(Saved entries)
>>>>
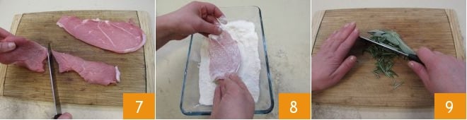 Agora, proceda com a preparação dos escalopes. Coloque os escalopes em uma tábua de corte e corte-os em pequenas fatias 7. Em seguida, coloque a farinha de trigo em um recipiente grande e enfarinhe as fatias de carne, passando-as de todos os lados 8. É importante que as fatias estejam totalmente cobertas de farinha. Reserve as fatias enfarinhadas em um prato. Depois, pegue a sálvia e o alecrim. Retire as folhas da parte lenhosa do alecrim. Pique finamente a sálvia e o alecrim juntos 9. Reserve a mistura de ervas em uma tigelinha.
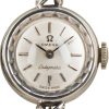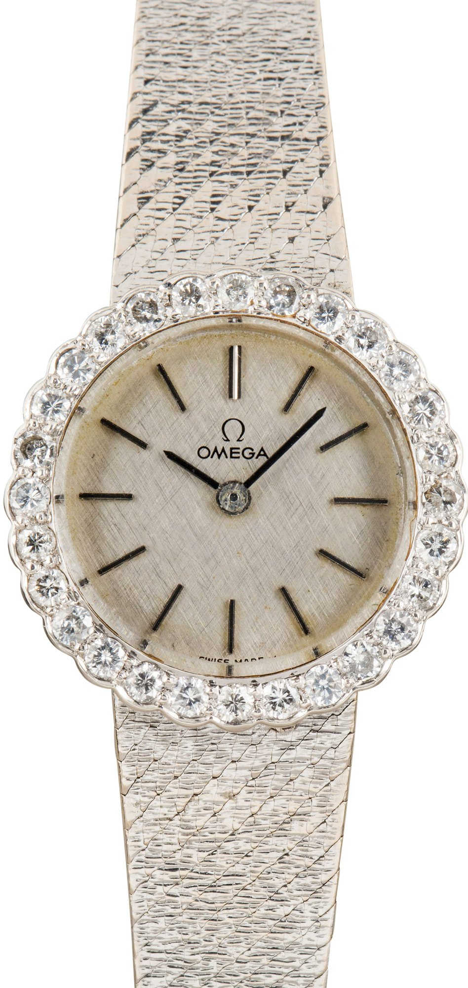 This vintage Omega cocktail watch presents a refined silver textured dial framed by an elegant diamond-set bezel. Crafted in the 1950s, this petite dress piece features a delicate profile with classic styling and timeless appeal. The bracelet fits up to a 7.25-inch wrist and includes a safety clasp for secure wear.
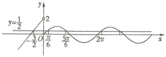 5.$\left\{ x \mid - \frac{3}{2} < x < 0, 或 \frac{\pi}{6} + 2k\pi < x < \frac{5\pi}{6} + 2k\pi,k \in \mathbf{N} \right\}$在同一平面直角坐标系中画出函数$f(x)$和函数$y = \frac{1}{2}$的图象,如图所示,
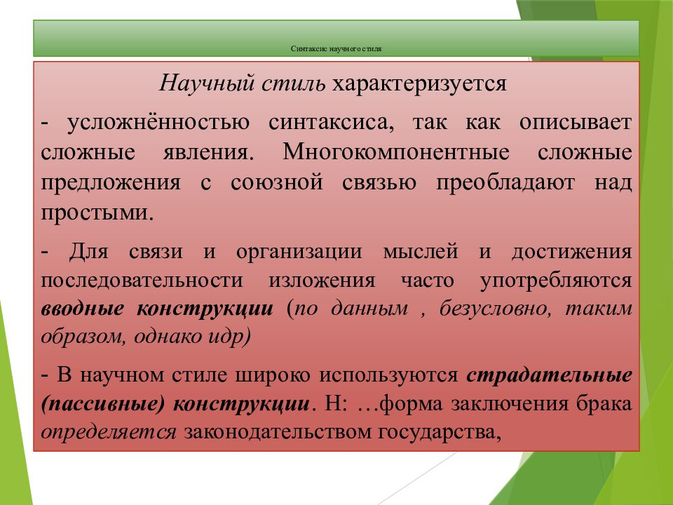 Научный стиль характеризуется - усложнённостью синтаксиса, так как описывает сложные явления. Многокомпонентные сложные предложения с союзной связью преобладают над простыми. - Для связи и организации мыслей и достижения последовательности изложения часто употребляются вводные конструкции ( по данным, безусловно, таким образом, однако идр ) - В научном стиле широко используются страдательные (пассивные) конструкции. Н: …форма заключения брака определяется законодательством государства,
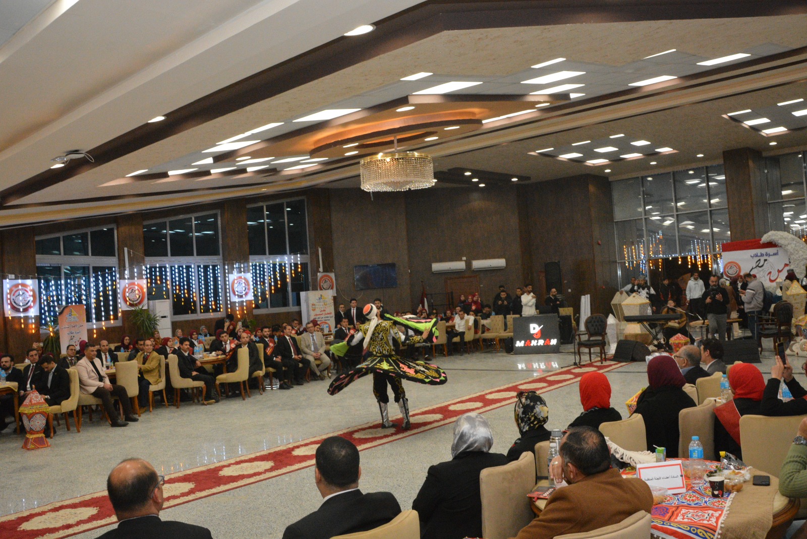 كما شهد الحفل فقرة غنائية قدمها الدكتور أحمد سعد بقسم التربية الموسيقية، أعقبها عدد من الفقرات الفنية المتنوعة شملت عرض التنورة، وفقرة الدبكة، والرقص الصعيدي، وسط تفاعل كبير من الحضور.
<<<<
** Task prompt **
Output every record above exactly, leaving out the pictures.

** Task result **
 Agora, proceda com a preparação dos escalopes. Coloque os escalopes em uma tábua de corte e corte-os em pequenas fatias 7. Em seguida, coloque a farinha de trigo em um recipiente grande e enfarinhe as fatias de carne, passando-as de todos os lados 8. É importante que as fatias estejam totalmente cobertas de farinha. Reserve as fatias enfarinhadas em um prato. Depois, pegue a sálvia e o alecrim. Retire as folhas da parte lenhosa do alecrim. Pique finamente a sálvia e o alecrim juntos 9. Reserve a mistura de ervas em uma tigelinha.
 This vintage Omega cocktail watch presents a refined silver textured dial framed by an elegant diamond-set bezel. Crafted in the 1950s, this petite dress piece features a delicate profile with classic styling and timeless appeal. The bracelet fits up to a 7.25-inch wrist and includes a safety clasp for secure wear.
 5.$\left\{ x \mid - \frac{3}{2} < x < 0, 或 \frac{\pi}{6} + 2k\pi < x < \frac{5\pi}{6} + 2k\pi,k \in \mathbf{N} \right\}$在同一平面直角坐标系中画出函数$f(x)$和函数$y = \frac{1}{2}$的图象,如图所示,
 Научный стиль характеризуется - усложнённостью синтаксиса, так как описывает сложные явления. Многокомпонентные сложные предложения с союзной связью преобладают над простыми. - Для связи и организации мыслей и достижения последовательности изложения часто употребляются вводные конструкции ( по данным, безусловно, таким образом, однако идр ) - В научном стиле широко используются страдательные (пассивные) конструкции. Н: …форма заключения брака определяется законодательством государства,
 كما شهد الحفل فقرة غنائية قدمها الدكتور أحمد سعد بقسم التربية الموسيقية، أعقبها عدد من الفقرات الفنية المتنوعة شملت عرض التنورة، وفقرة الدبكة، والرقص الصعيدي، وسط تفاعل كبير من الحضور.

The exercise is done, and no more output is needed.